Какое чудовищное невежество, и заполнить эту пропасть нет никаких шансов, думала Шри, глядя через затемненное стекло бронированного лимузина на карнавальные улицы. Иногда она мечтала о том, чтобы человечество покосила чума, сократив население до безопасного уровня. Она мечтала о девственной зеленой планете, по равнинам и лесам, морям и океанам которой будут ходить, ездить или плавать всего десять миллионов человек. Это были бы высокие сильные умные особи, которые трепетно относились бы к земле. Они создали бы единую планетарную сеть и несли бы с собой цивилизацию. Утопия, в которой все люди походили на нее саму. Климатические изменения, войны за воду и сельскохозяйственные угодья унесли миллиарды жизней, еще столько же погибло во время Переворота, но этих смертей оказалось недостаточно.
В мыслях Шри пронеслись безжизненные пустые ландшафты спутников Сатурна, сады в их городах и оазисах, зеленые соборы, свидетельствующие о триумфе разума.

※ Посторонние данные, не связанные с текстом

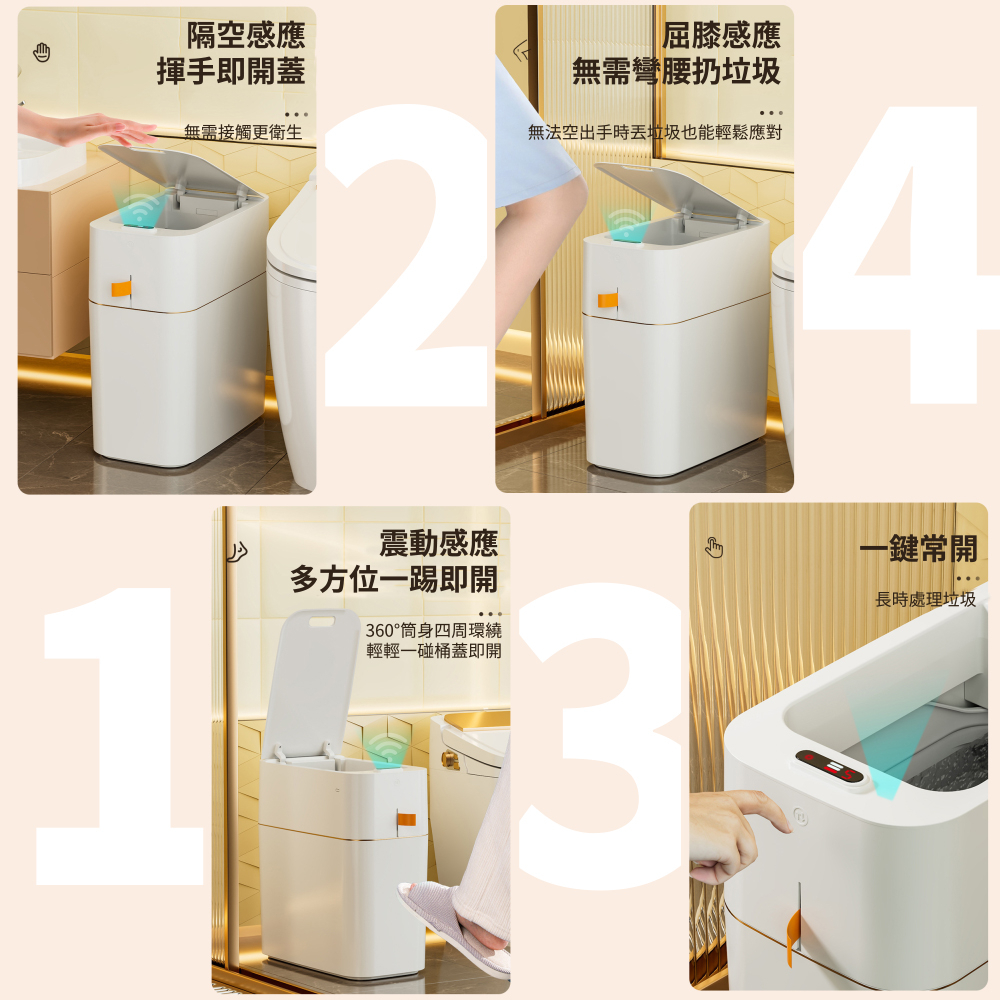 ❺震動感應:多方位一踢即開,360°桶身四周環繞,輕輕一碰桶蓋即開
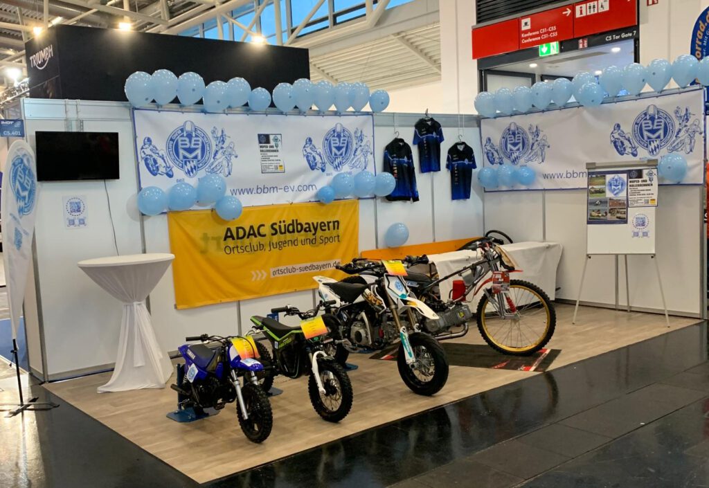 Unser Stand ist fertig aufgebaut und wartet auf Besucher. An jedem Tag sind aktive Vereinsmitglieder vor Ort, um euch Infos über unsere Rennsportaktivitäten, Kindertraining, Frauentraining, 2. BBM Mofarennen, 2. BBM Grasbahnrennen, … zu geben. Kommt vorbei – es rentiert sich bestimmt!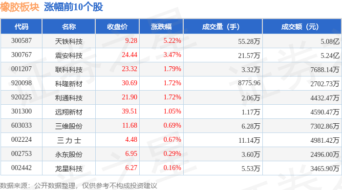 证券之星消息,10月9日橡胶板块较上一交易日上涨0.02%,天铁科技领涨。当日上证指数报收于 3933.97,上涨1.32%。深证成指报收于13725.56,上涨1.47%。橡胶板块个股涨跌见下表: | 代码 | 名称 | 收盘价 | 涨跌幅 | 成交量(手) | 成交额(元) | | | --- | --- | --- | --- | --- | --- | --- | | 300587 | 天铁科技 | 9.28 | 5.22% | 55.28万 | | 5.08亿 | | 300767 | 震安科技 | 24.44 | 3.47% | 21.57万 | | 5.24Z | | 001207 | 联科科技 | 23.32 | 1.79% | 3.32万 | | 7688.14万 | | 920098 | 科隆新材 | 30.69 | 1.72% | 8775.96 | | 2702.73万 | | 920225 | 利通科技 | 21.90 | 1.72% | 2.06万 | | 4432.47万 | | 301300 | 远翔新材 | 39.51 | 1.05% | 1.17万 | | 4590.47万 ...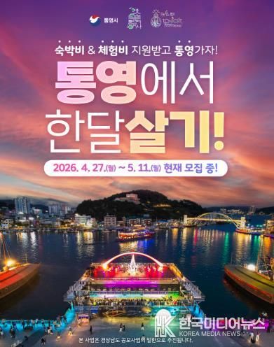 [ 한국미디어뉴스 김홍철 기자 ] 통영시는 체류형 관광 활성화와 지역 경제 활성화를 위해 ‘통영애(愛)온나(2026년 경남에서 한 달 여행하기)’사업 1차 참가자를 오는 5월 11일까지 모집한다.
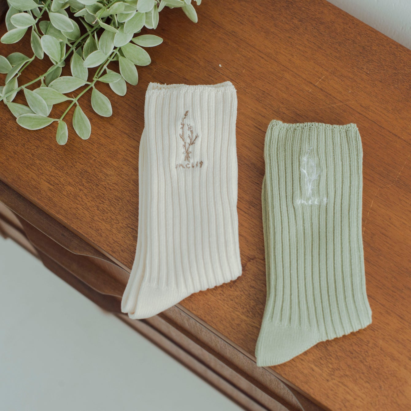 また「コラボ刺繍リブソックス」の限定カラー2色のうち、”ミント”をunclip公式オンラインストア・靴下屋ルミネ横浜店限定で、”キナリ”を靴下屋公式通販限定で販売開始いたします。

Женщина вдруг заметила, что движение замедлилось, образовалась пробка. По улице пронеслась раскатистая песня автомобильных клаксонов, крики недовольных водителей. С площади с диким ревом высыпала на улицу толпа. Ямиль Чо связался с кем–то по гарнитуре, а затем сообщил Шри, что возникла небольшая проблема, но ничего неразрешимого.
— Там что, митинг?
— Полагаю, мэм, это мятеж. Из–за войны.
— Мятеж?
— Людей пичкают пропагандой. Логично, что их возмущение и гнев находят выход. Они жгут чучела, распевают лозунги. Как правило, ничего серьезного. Телевидение освещает эти события так же, как и матчи по мини–футболу.
— Я не смотрю новостные каналы.
Шри вспомнила, что давным–давно сказал ей Оскар, когда однажды она пожаловалась на то, сколько людей не приносят никакой пользы миру, а просто существуют — сосуды из плоти, подчиняющиеся слепому репродуктивному зову своих генов. Ее наставник считал, что психология толпы развилась после того, как человек стал жить в больших многонаселенных городах. Хотя сборища уродливы и жестоки, они несут в себе смысл: толпа собирается вокруг раны в народной психике, подобно лейкоцитам у очага инфекции. Это своего рода предохранительные клапаны, которые дают выход разочарованию и неудовлетворенности. Таким образом люди объединяются против реального или выдуманного врага. Сборища были всегда, сказал тогда Оскар. Какую бы форму ни принимало государство, сборища оставались константой цивилизации. Властители верили, будто они всё контролируют, будто вознеслись над толпой и правят по общему согласию или божественному праву, а иной раз управляют силой, но на самом деле они становились всего–навсего слугами толпы.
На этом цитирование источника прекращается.